17 March 2010

Eminently Sensible

ProfessorBainbridge.com | Stephen Bainbridge | Jeremy Clarkson on not letting tails wag dogs

I am increasingly persuaded that Jeremy Clarkson is the most sensible person in public life.
Hear, hear.
Take, for example, his recent column on the way legislators and regulators allow "the behaviour of one man" to skew "the concept of everyday life for everyone else."
As we know, one man once got on one plane in a pair of exploding hiking boots and as a result everyone else in the entire world is now forced to strip naked at airports and hand over their toiletries to a man in a high-visibility jacket. ...

Last month a Birmingham couple pleaded guilty to starving their supposedly home-schooled daughter to death. Now, of course, there are calls for parents who choose to educate their children at home to be monitored on an hourly basis by people from the “care” industry, and possibly to have their toiletries confiscated. ....

We seem to have lost sight of the fact that throughout history 90% of people have behaved quite normally 90% of the time. Agatha Christie, for instance, was home-schooled and at no point was she forced to eat breadcrumbs from her neighbour’s bird table.

Of course, at the extremes, you have 5% who are goodie-goodies and who become vicars, and 5% who build exploding hiking shoes and starve their children to death.

It’s this oddball 5% that is targeted by the tidal wave of legislation. But making it more difficult to teach your children at home will not stop kids being mistreated.

It just changes the pattern of everyday life for everyone else. This is what drives me mad.

We now think it’s normal behaviour to take off our clothes at an airport. But it isn’t. Nor is it normal to stand outside in the rain to have a cigarette or to do 30mph on a dual carriageway when it’s the middle of the night and everyone else is in bed. It’s stupid.

And last week the stupidity made yet another lunge into the fabric of society with the news that government ministers were considering new laws that would force everyone to take a test before they were allowed to keep a dog.

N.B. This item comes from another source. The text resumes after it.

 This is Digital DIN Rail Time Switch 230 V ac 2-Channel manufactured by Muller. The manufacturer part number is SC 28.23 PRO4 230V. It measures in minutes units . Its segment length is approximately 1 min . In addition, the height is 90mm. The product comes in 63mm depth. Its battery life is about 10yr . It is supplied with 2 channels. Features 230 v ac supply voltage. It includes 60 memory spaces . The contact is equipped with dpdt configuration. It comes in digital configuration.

No, really. Because one dog once ate one child, some hopeless little twerp from the department of dogs had to think of something sincere to say on the steps of the coroner’s court. Inevitably, they will have argued that the current law is “not fit for purpose”, whatever that means, and that “steps must be taken to ensure this never happens again”.

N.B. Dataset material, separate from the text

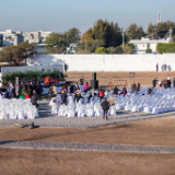 Under a clear sky and a warm winter sun, dozens of people gathered in the large area where the two-story temple of approximately 2,500 square meters will be built. The temple, which will sit on 3.58 acres, will be located in the city of Santiago de Querétaro about 130 miles northwest of Mexico City. The Querétaro Temple was announced by Church President Russell M. Nelson in the April 2021 general conference.

The steps being considered mean that every dog owner in the land will have to fit their pet with a microchip so that its whereabouts can be determined from dog-spotting spy-in-the-sky drones, and that before being allowed to take delivery of a puppy, people will have to sit an exam similar to the driving theory test. The cost could reach £60, and on top of this you will need compulsory third-party insurance in case your spaniel eats the milkman. ...

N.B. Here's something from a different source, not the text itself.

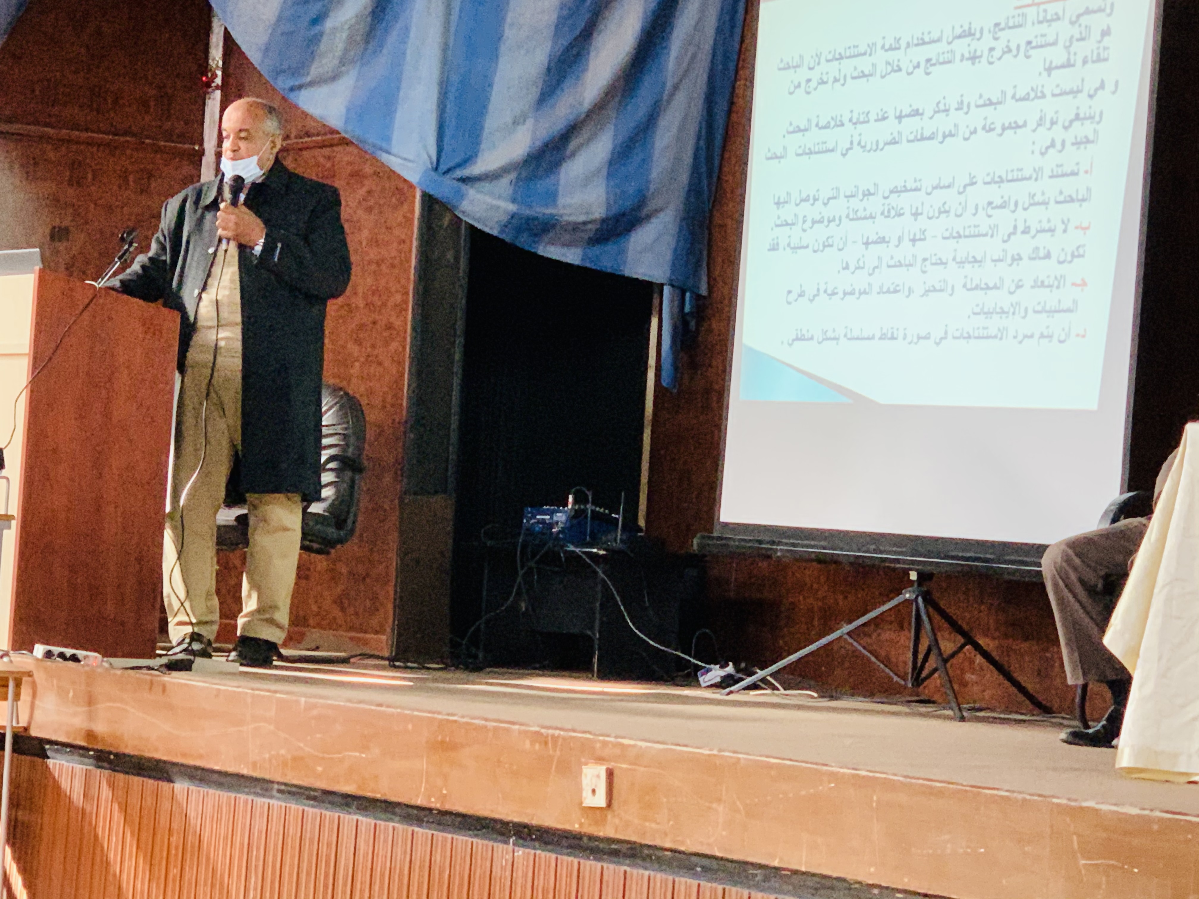 اقيمت يوم أمس الأربعاء الموافق 2021/01/13ندوة علمية حول اعداد و كتابة البحوث العلمية و التحليل الإحصائي و التعليق علي النتائج بمسرح كلية العلوم بالعجيلات . و بداء برنامج الندوة بتلاوة آيات من القرآن الكريم فكلمة اللجنة التحضيرية من قبل الأستاذة منيرة القريدي حيث رحبت بالضيوف الكرام واعطت نبذة مختصرة عن أهمية الندوة واهدافها ، و كلمة عميد الكلية حيث رحب بالحاضرين من أعضاء هيئة التدريس، و طلبة الدراسات العليا و المعيدين بالجامعات . و قسمت محاور الندوة الي ثلاثة محاور حيث قدم المحور الأول د. محمد الباشا حول إعداد و كتابة البحوث العلمية باللغة العربية ، و قدم المحور الثاني د. الأنصاري الخولي حول كتابة البحوث ( الورقات العلمية) باللغة الانجليزية، وقدم المحور الثالث الأستاذ المبروك الحريريق حول التحليل الإحصائي و التعليق علي نتائج البحث. ثم فتح باب المناقشة للحضور. و أختم برنامج الندوة العلمية بتوزيع شهادة الشكر و التقدير و التي أهمها شهادة الشكر و التقدير لرئيس المجلس التسييري لبلدية العجيلات، إذاعة العجيلات المحلية، المحاضرين، و أعضاء هيئة التدريس بالجامعات الاخري الحاضرين و اللجنة التحضيرية للندوة.و ختم البرنامج بجو يسود الرضا و الارتياح للحضور .

What good did all the airport legislation achieve? None. It simply means that you and I now must get to the airport six years before the plane is due to leave and arrive at the other end with yellow teeth, smelly armpits and no nail file. Did it prevent a chap from getting on board with exploding underpants? No, it did not.

Happily, however, I have a solution to the problem, a way that normal human behaviour can be preserved. It’s simple. We must start to accept that 5% of the population at any given time is bonkers. There are no steps to be taken to stamp this out and no lessons to be learnt when a man with a beard boards a plane with an exploding dog.

Government officials who are questioned on the steps of coroner’s courts must be reminded of this before they speak. So that instead of saying the current law is “not fit for purpose” and that something must be done, they familiarise themselves with an expression that sums up the situation rather better: “Shit happens.”
Apologies for the long quotation, but I find it worthwhile.  We must respond to terrorism, freak accidents, health scares and moral panic attacks the same way we respond to school yard bullies: refuse to be intimidated.

By the way, that's Jeremy Clarkson of Top Gear fame.  Not to belittle automotive journalism or Clarkson's other endeavors, but the Sunday morning stuffed shirts should be hanging their heads in embarrassment that a gearhead like Clarkson gives more level-headed advice than they do.

~ ~ ~ ~ ~

Side note:  I should not be surprised to learn that Clarkson is largely responsible for Isambard Kingdom Brunel's stunning showing (finishing 2nd!) on the 2002 BBC poll of Greatest Britons.

For those of you who do not revere the the great engineers of history, Brunel is undoubtably one of the superstars of the Industrial Revolution.

My hat is off to Sydney Padua, who drew created the depiction of the sideburn-wearing, cigar-chomping Brunel to the left.  Well done.